Input for this task:

* * * * *

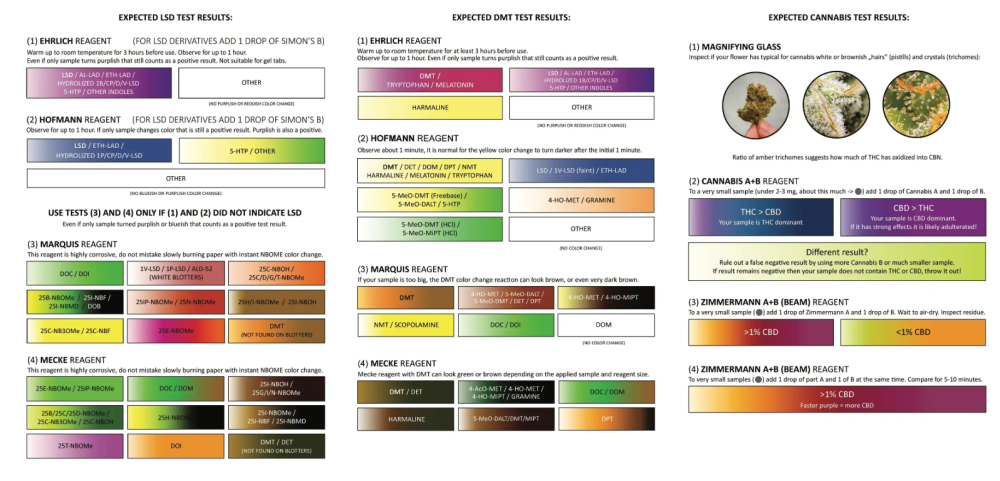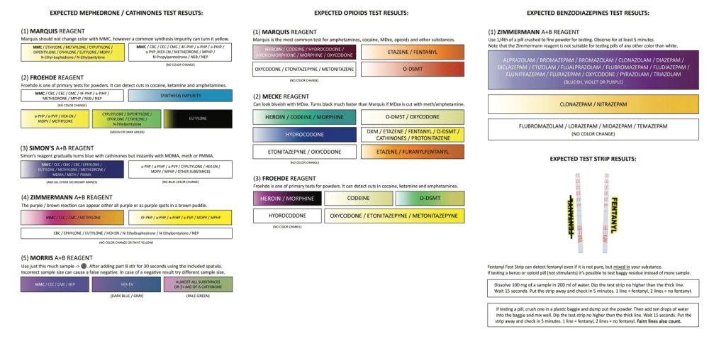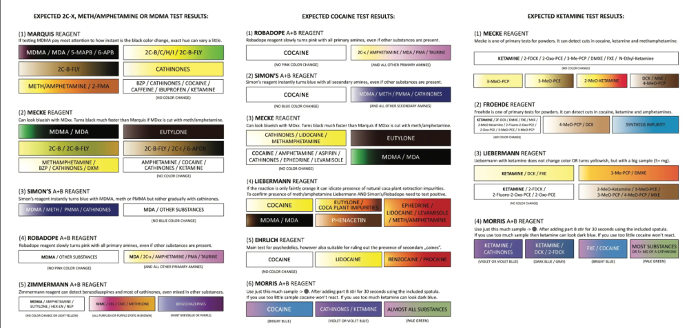 súprava na testovanie drog, test MDMA, test extázy, test s činidlom, test MDA, katinónový test, testovacie činidlo, Marquisov test, Simonov test, Zimmermannov test, Meckeho test, Robadope test
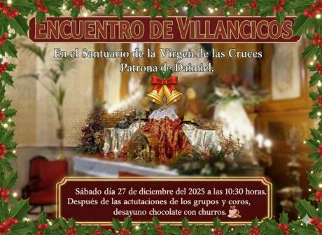 El santuario de Nuestra Señora de las Cruces acogerá el sábado 27 de diciembre a partir de las 10:30 horas el tradicional encuentro de villancicos organizado por la hermandad de nuestra patrona. Su presidente, Manuel Vicente López de la Nieta, animó a los daimieleños a acudir e hizo una invitación extensiva a todas las agrupaciones corales de la localidad para que participen en el encuentro.
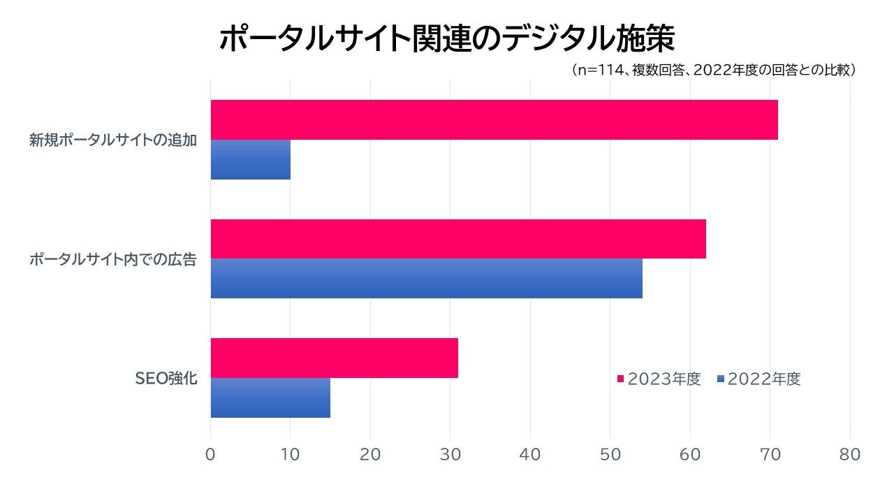 2023年度に行った認知活動で最も多かったのは、ポータルサイト関連のデジタル施策で、この取り組みを選んだ回答が前年対比256%となりました。
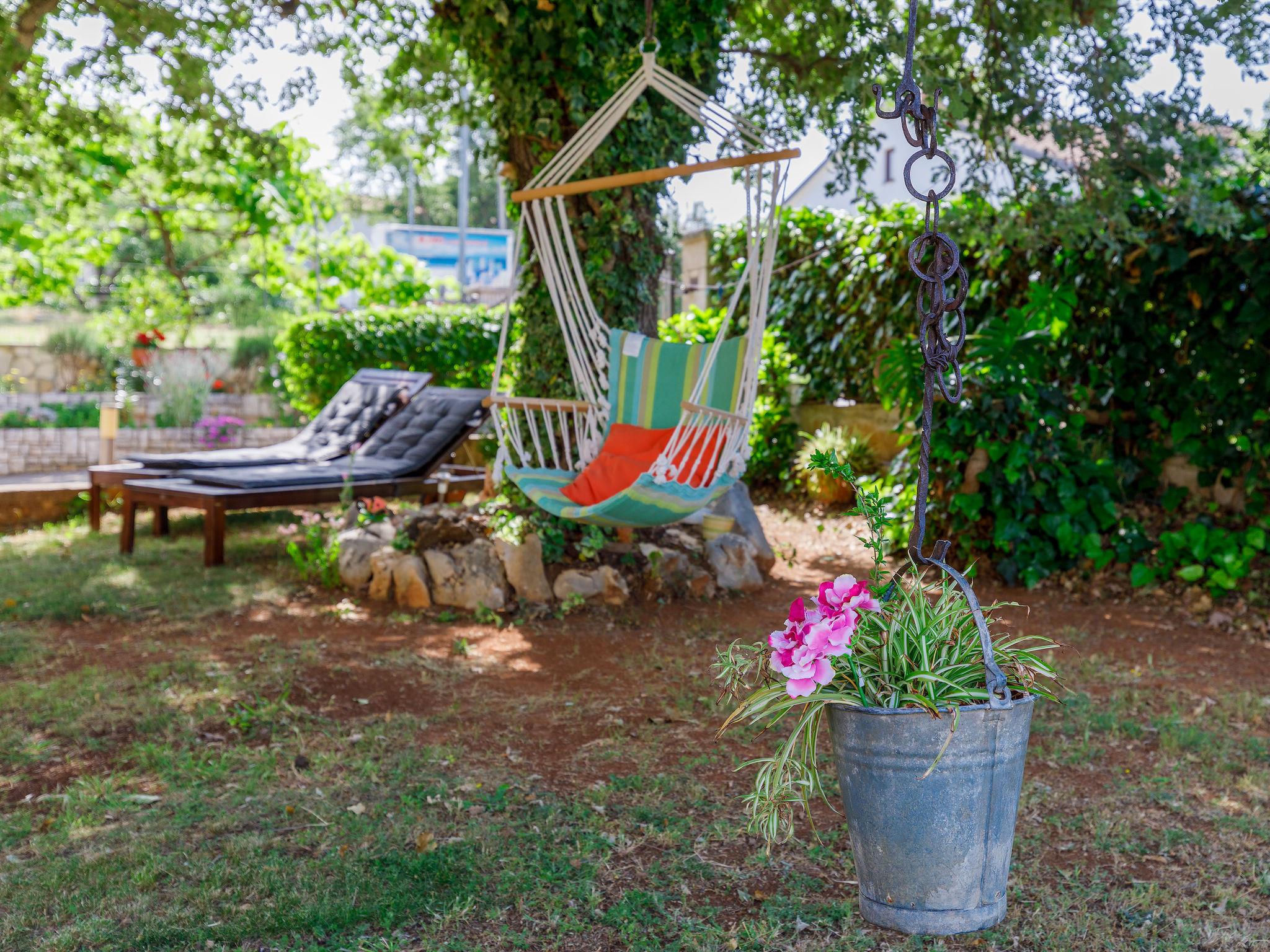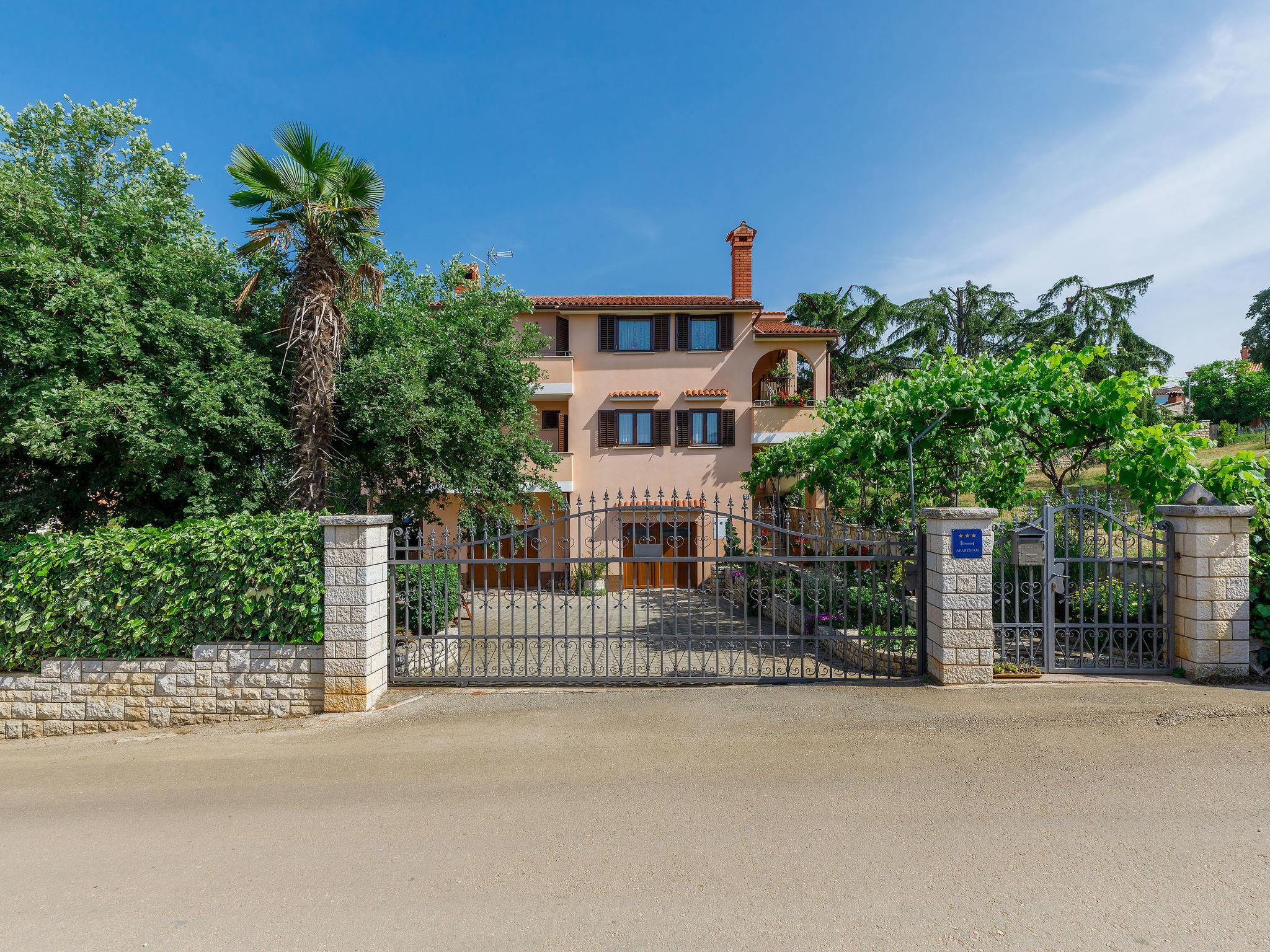 Beautiful apartment house "Lili". In the hamlet Kukci 2 km from the centre of Porec, in a quiet, sunny position, 3 km from the sea, 3 km from the beach. For shared use: property 900 m2 (fenced), beautiful garden with lawn and plants. Barbecue. In the house: internet access, washing machine (for shared use, extra). Parking at the house on the premises. Shop 100 m, restaurant 200 m, bus stop 1.4 km, pebble beach 3 km, rocky beach 3 km. Tennis 3.5 km, walking paths from the house 200 m, cycle lane 250 m. Seasonal vegetable from the owner`s garden free of charge for house guests.
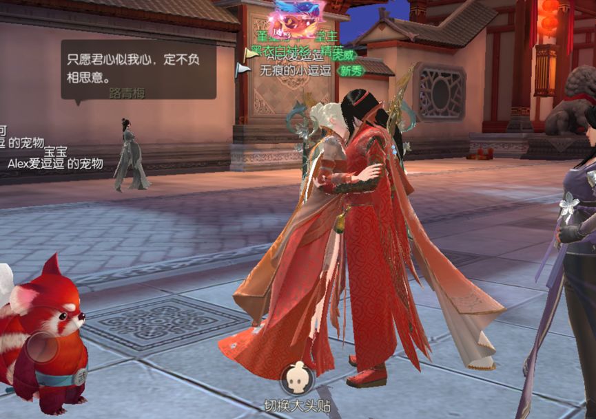 萌娃系统出预告的时候,我就和无痕说:“无痕,给我生个孩子吧。”无痕当然是生不出来啦,最后生孩子的重任还是在我身上。我说:“你想要男孩女孩?”无痕说:“我喜欢女儿。”“你喜欢女儿我就给你生女儿!”但是我心里没底,毕竟是游戏概率又不是我能决定的,索性最后生出来的是女儿,保存了一点脸面。因为我在育儿系统刚出的时候出了一点事,我们的宝宝比其他人都迟怀上。我很紧张地问无痕:“宝宝叫什么啊?”“红烧肉。”“啊?大佬你是饿了吗?”就这样,红烧肉的名字就被他那个无肉不欢的爸爸定下来了,希望某天她爸爸不会在饿了的时候把红烧肉吃掉——来自麻麻的祈祷。

* * * * *

Work required:
Take the line containing "2023年度に行った認知活動" as the first and the last line of the records as the end. Print every line in that span exactly, leaving out pictures.

Expected answer:
 2023年度に行った認知活動で最も多かったのは、ポータルサイト関連のデジタル施策で、この取り組みを選んだ回答が前年対比256%となりました。
 Beautiful apartment house "Lili". In the hamlet Kukci 2 km from the centre of Porec, in a quiet, sunny position, 3 km from the sea, 3 km from the beach. For shared use: property 900 m2 (fenced), beautiful garden with lawn and plants. Barbecue. In the house: internet access, washing machine (for shared use, extra). Parking at the house on the premises. Shop 100 m, restaurant 200 m, bus stop 1.4 km, pebble beach 3 km, rocky beach 3 km. Tennis 3.5 km, walking paths from the house 200 m, cycle lane 250 m. Seasonal vegetable from the owner`s garden free of charge for house guests.
 萌娃系统出预告的时候,我就和无痕说:“无痕,给我生个孩子吧。”无痕当然是生不出来啦,最后生孩子的重任还是在我身上。我说:“你想要男孩女孩?”无痕说:“我喜欢女儿。”“你喜欢女儿我就给你生女儿!”但是我心里没底,毕竟是游戏概率又不是我能决定的,索性最后生出来的是女儿,保存了一点脸面。因为我在育儿系统刚出的时候出了一点事,我们的宝宝比其他人都迟怀上。我很紧张地问无痕:“宝宝叫什么啊?”“红烧肉。”“啊?大佬你是饿了吗?”就这样,红烧肉的名字就被他那个无肉不欢的爸爸定下来了,希望某天她爸爸不会在饿了的时候把红烧肉吃掉——来自麻麻的祈祷。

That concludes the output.